No, we're not necessarily saying Montana billionaire Greg Gianforte was the perfect pick to speak at this year's graduation. Instead, we think that letting Gianforte speak at commencement was the right decision, rather than unceremoniously dumping him because some might be upset with his odd scientific and possibly troubling worldviews.
Billings is the second Montana community which has been roiled by Gianforte speaking at graduation. Montana Tech in Butte also invited Gianforte to commencement despite protests from some on faculty concerned that his views are terribly unscientific for a place that specializes in science. One professor even went as far as to compare Gianforte to Osama bin Laden.
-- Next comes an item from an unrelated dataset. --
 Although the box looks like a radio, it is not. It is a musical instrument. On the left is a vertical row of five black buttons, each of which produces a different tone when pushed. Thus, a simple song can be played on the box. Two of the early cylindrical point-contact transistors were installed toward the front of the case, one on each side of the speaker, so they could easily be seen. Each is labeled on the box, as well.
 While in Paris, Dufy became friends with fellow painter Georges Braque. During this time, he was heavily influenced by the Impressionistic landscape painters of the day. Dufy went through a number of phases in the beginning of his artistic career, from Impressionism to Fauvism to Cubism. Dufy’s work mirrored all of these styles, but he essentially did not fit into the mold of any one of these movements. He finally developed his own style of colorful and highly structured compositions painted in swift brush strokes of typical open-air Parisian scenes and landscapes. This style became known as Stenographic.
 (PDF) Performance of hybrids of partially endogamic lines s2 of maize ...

Here in Billings the reaction has been much less vitriolic. Whether that's a function of private school versus public, or a different climate is impossible to say.
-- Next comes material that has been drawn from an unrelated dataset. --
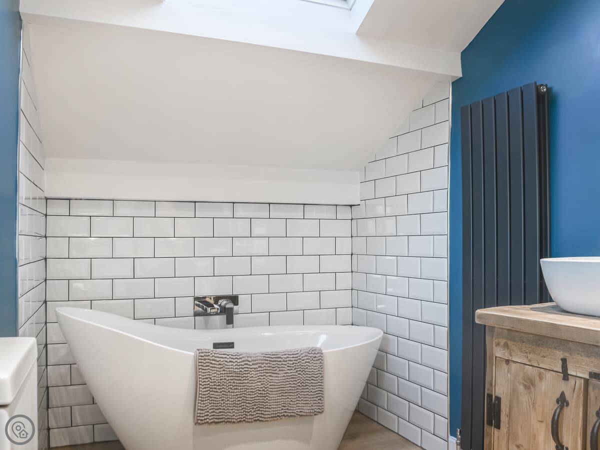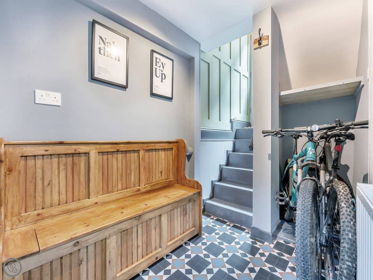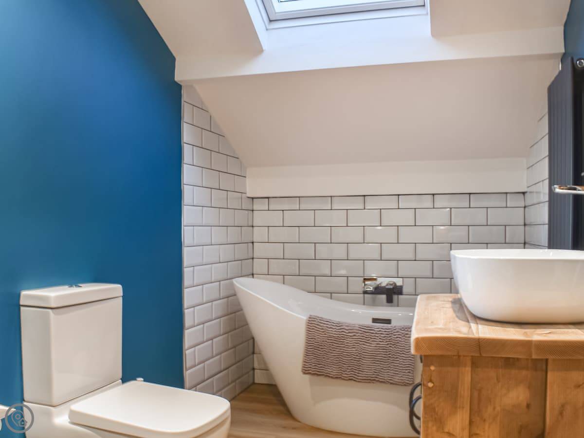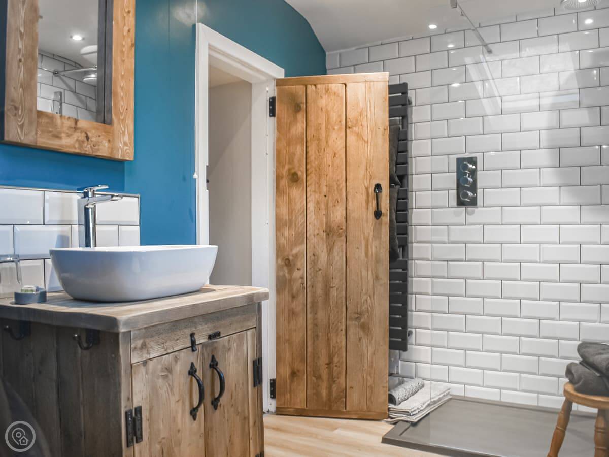 It's a 4 Star property. It's been done up nicely. The bedroom has a kingsize bed. The bathroom upstairs has both a shower and a freestanding bath. There's a wood burner in the lounge. The kitchen has a dishwasher and washing machine. There's a separate little boot room by the back door where you can leave muddy boots or store a couple of bikes.
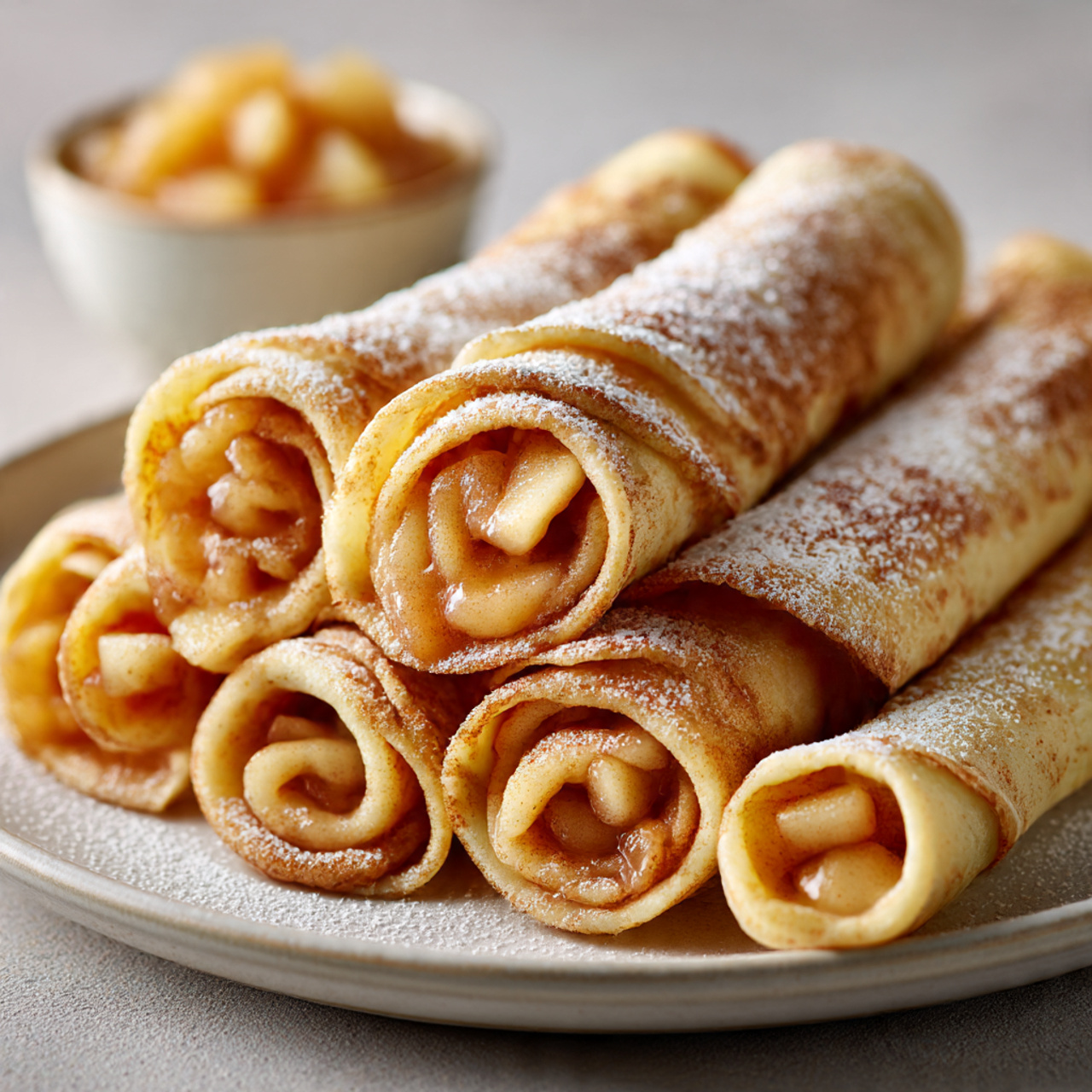 Skořicové palačinkové rolky s jablkovou náplní představují elegantní variantu klasických palačinek, která zaujme nejen svou chutí, ale také atraktivním vzhledem připomínajícím malé závinové rolky. Jemné, tenké palačinky jsou plněné měkkými, voňavými jablky restovanými na másle, skořici a trochou cukru. Celek působí lehce, šťavnatě a vizuálně velmi lákavě – přesně jako na přiložené fotografii. Jedná se o dezert, který se hodí ke snídani, ke kávě i jako sladká tečka po obědě.

Yet keeping Gianforte as the graduation speaker makes sense for more than the poor etiquette of rescinding the invitation.
Instead, we believe two important principles are preserved by letting Gianforte speak.
Critics of Gianforte's position might be loathe to admit it, but this highly successful businessman might actually have something insightful and meaningful to say to recently minted graduates who hope to achieve the kind of wild success he has.
Secondly, and most importantly, it's a sad and scary day when, in a country that cherishes free speech, we say: Here is a person who must not be allowed to speak. Listening to someone speak doesn't mean we abdicate thinking critically. Moreover, we sometimes need to hear those with whom we vehemently disagree. That is the heart of public discourse and the currency for the marketplace of ideas.
That being said, we should point out: We have no idea what Gianforte will speak about. We hope he'll use the opportunity to share some of his experiences with success and failure to help inspire the next generation of leaders. We hope he emphasizes that although this class is graduating, the students' education is not over, it's just the beginning.
And, Gianforte should be heard out not because he's an expert in the creation of the world. He shouldn't be asked to speak because he's a moral authority.
Simply put, Gianforte's virtue — if that is the correct term — is his success in business and technology. Money is a measure of success, not a guarantee of moral superiority.
Let's be honest: From news reports, Gianforte's views on the creation of the world run against science. They are convictions of faith, not supported by the evidence of science. But, Gianforte is not being asked to speak at either institution because of his views on creation.
The Gianforte family view on homosexuality and gay marriage are also troubling. While Gianforte has recently written more about the dangers of discrimination, questions remain. But Gianforte isn't being asked to speak because he's considered an authority on gay marriage or civil rights.
And, it's also hard to criticize the man before he's even opened his mouth.
So, we'll say it again: Let the man speak.